A sombre, masterful evening at Meany

Fine players from Berlin bring out the sinister unquiet of works by Shostakovich and Beethoven.

Fine players from Berlin bring out the sinister unquiet of works by Shostakovich and Beethoven.

This season's UW chamber music series at Meany Hall offers a balance between great and established quartets playing the classical repertory and younger groups mixing in more modern or offbeat fare. Forthcoming concerts by the Chiara (Beethoven and a world premiere of a quartet by Daniel Ott) and Harlem (Beethoven, Shostakovich, Borodin and Chick Corea) groups represent the mix. The more traditionally classical approach is represented by the Emerson Quartet (Haydn, Bartok, and Brahms) at the end of the season, and  Tuesday’s concert by the Philharmonia Quartet from Berlin.

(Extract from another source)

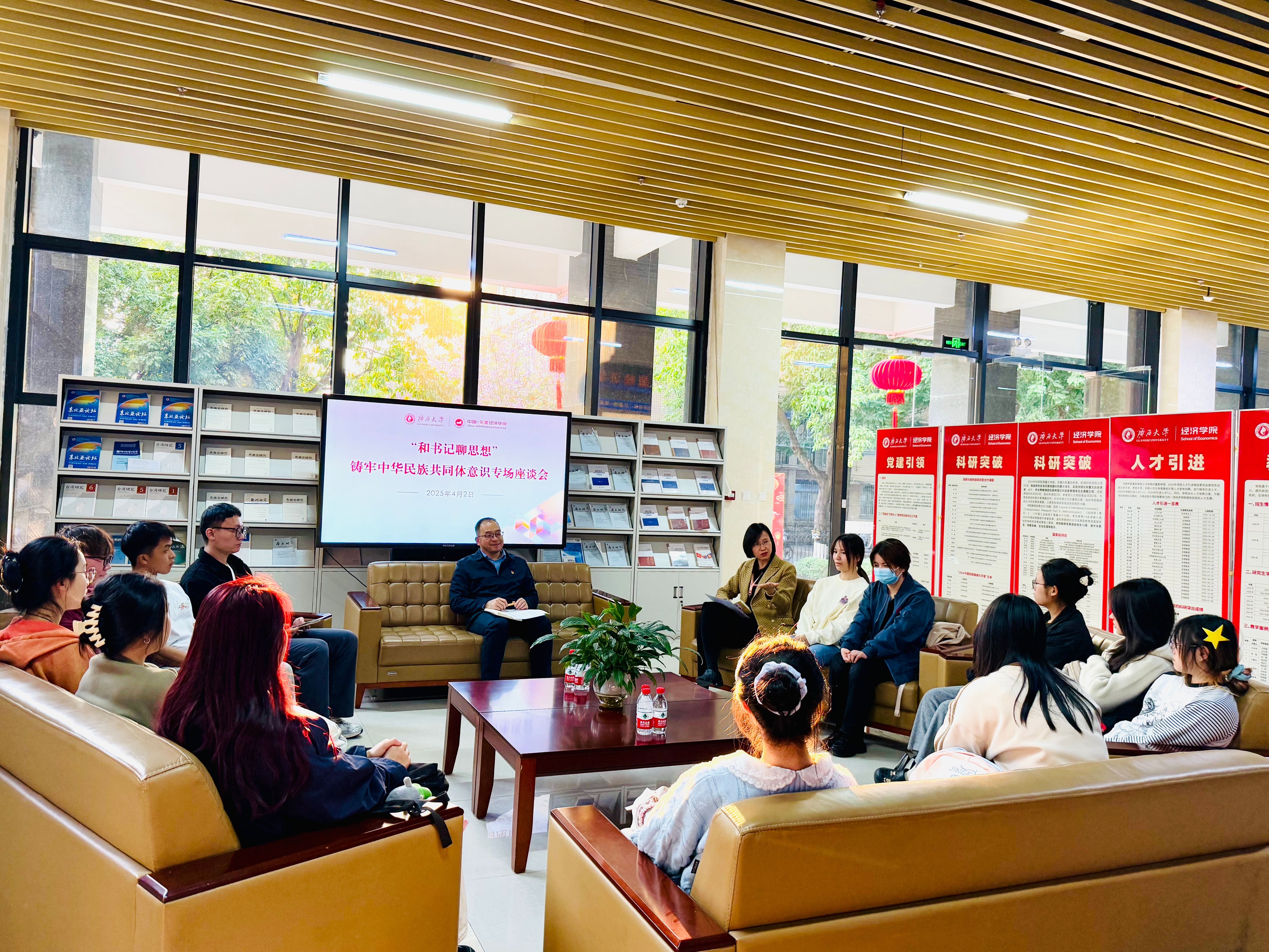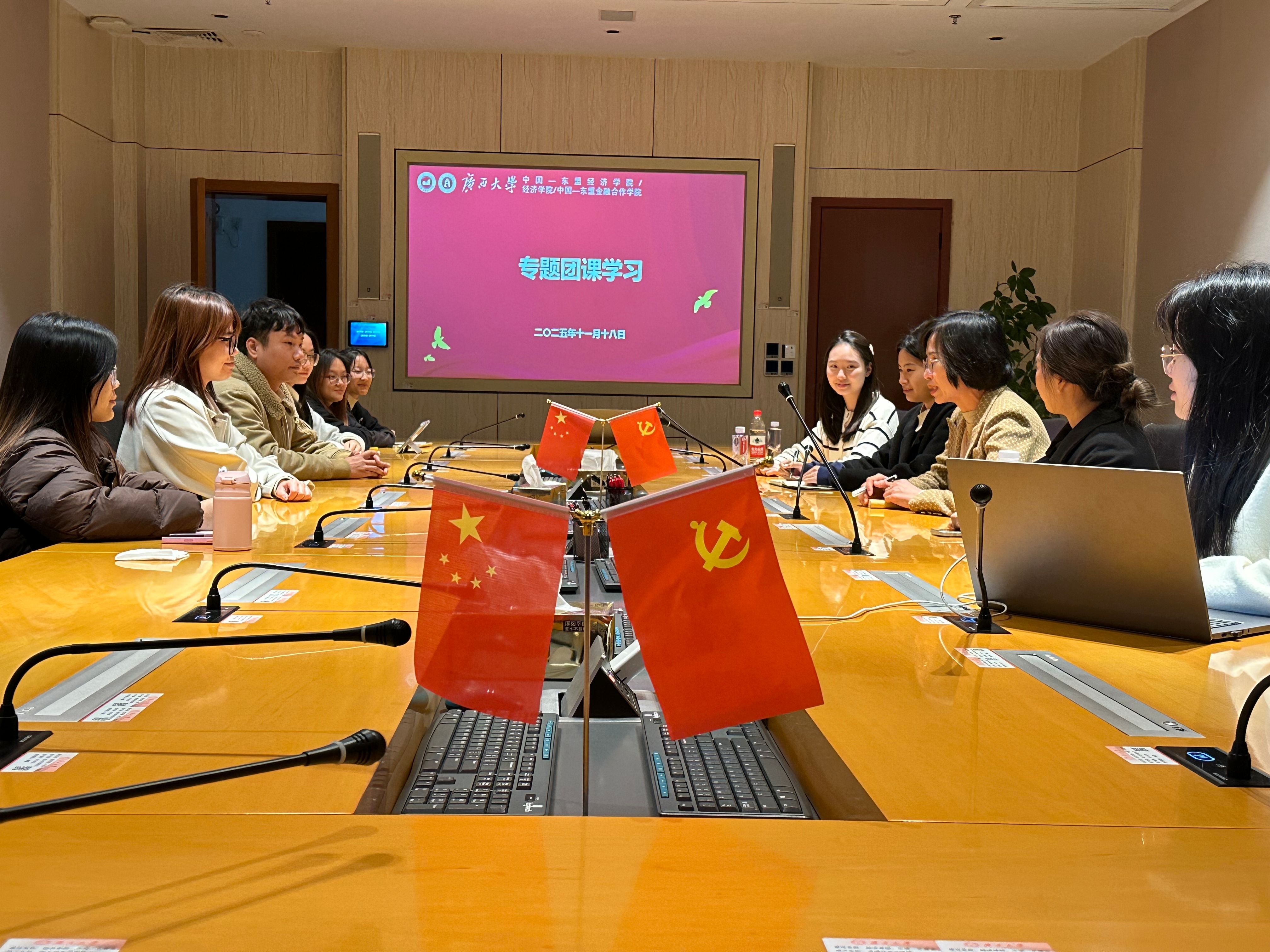 成立仪式和挂牌仪式、第22届中国—东盟博览会“2025年中国—东盟经贸合作对话活动”、“五四”青年表彰等重大活动并发表讲话,为青年成长把舵定向。上级专题听取工作汇报,对实践基地建设、青年人才培养、校友资源整合等领域作出具体指示;建立常态化的“师生面对面”交流机制,通过“和书记聊思想”和学生骨干培训等形式,积极回应青年成长成才的核心关切。这些精准的指引与深切的关怀,为本院团学工作注入了强大的发展动力,引领青年在推进中国式现代化、服务中国—东盟命运共同体和新时代壮美广西建设中挺膺担当。

The Berliners gave us Shostakovich's 13th Quartet, Beethoven’s second Rasumovsky quartet, and Debussy's only piece for the medium. It made for a severe evening in the first two quartets, which were marked almost throughout by anguish and disquiet.

The Shostakovich quartet is powerful but even by his standards austere and cheerless. It's a single adagio movement in a highly dissonant idiom with some nods to the Schoenberg twelve-tone system. The work consists of a sustained and highly chromatic melody passed between the instruments interspersed with wild dithyrambic leaps and trills on the higher instruments as though the music were trying to find some exit from its own  gloomy landscape.

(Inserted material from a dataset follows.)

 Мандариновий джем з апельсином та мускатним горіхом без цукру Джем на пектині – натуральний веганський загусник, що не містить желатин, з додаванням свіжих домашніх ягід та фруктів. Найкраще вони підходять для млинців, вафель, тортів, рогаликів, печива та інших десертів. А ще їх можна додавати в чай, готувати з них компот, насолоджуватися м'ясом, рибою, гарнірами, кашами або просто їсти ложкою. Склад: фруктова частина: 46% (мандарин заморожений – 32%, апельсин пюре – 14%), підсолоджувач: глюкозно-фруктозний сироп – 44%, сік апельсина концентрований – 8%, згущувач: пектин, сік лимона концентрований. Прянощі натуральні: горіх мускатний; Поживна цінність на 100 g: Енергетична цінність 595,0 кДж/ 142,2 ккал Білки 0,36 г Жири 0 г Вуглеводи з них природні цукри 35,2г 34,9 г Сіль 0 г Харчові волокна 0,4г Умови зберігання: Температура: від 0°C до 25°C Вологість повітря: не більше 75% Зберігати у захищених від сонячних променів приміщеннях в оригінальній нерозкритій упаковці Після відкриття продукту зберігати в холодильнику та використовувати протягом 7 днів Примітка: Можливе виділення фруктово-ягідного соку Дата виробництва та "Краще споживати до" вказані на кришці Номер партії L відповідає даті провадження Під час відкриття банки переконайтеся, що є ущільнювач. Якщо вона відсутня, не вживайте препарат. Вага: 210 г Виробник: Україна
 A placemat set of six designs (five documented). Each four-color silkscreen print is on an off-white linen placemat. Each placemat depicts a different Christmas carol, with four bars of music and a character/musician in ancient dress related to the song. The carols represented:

There is no exit, and as the piece proceeds a repeated but sinisterly unpredictable knocking, created by tapping an instrument bow on a violin's wooden body, becomes increasingly dominant. The piece ends amid the sinister knocking and without any of the resigned sardonic humor that Shostakovich often found to distance himself and his listeners from the bleak emotional world which so much of his music depicts.

In spite of its intense and lyrical slow movement, Beethoven's Quartet in E Minor Opus 59 No 2 is also an unquiet work, the least extroverted of the Rasumovksy group. Its dramatically conflicted first movement and nervy tarantella-like finale make for a powerful and sombre experience.

The Debussy quartet in the second half lightened the tone somewhat and was delivered with verve and finesse and, in the slow movement, there was playing of seductive tenderness. Debussy’s exquisite harmonies may invite lingering but the players kept a strong sense of forward movement, consistent with the composer’s directions: the first movement marking is “Animated and very forthright (décidé).”

The Berlin Philharmonia Quartet has a close association with the Berlin Philharmonic Orchestra, perhaps the most consistently impressive of Europe’s great orchestras. The orchestra promotes its concerts in the home city and the players are or have been members. Certainly the quartet’s first violin can be seen as concertmaster in some of the concerts viewable on the orchestra’s Digital Concert Hall.

The works in their Meany program all included a good deal of solo lines for all four players. It was clear that each of them is an exceptional artist. Together they are a fine ensemble with both power and refinement and delivering interpretations of great depth.

Taken overall, a sombre evening and a fine one for the connoisseur.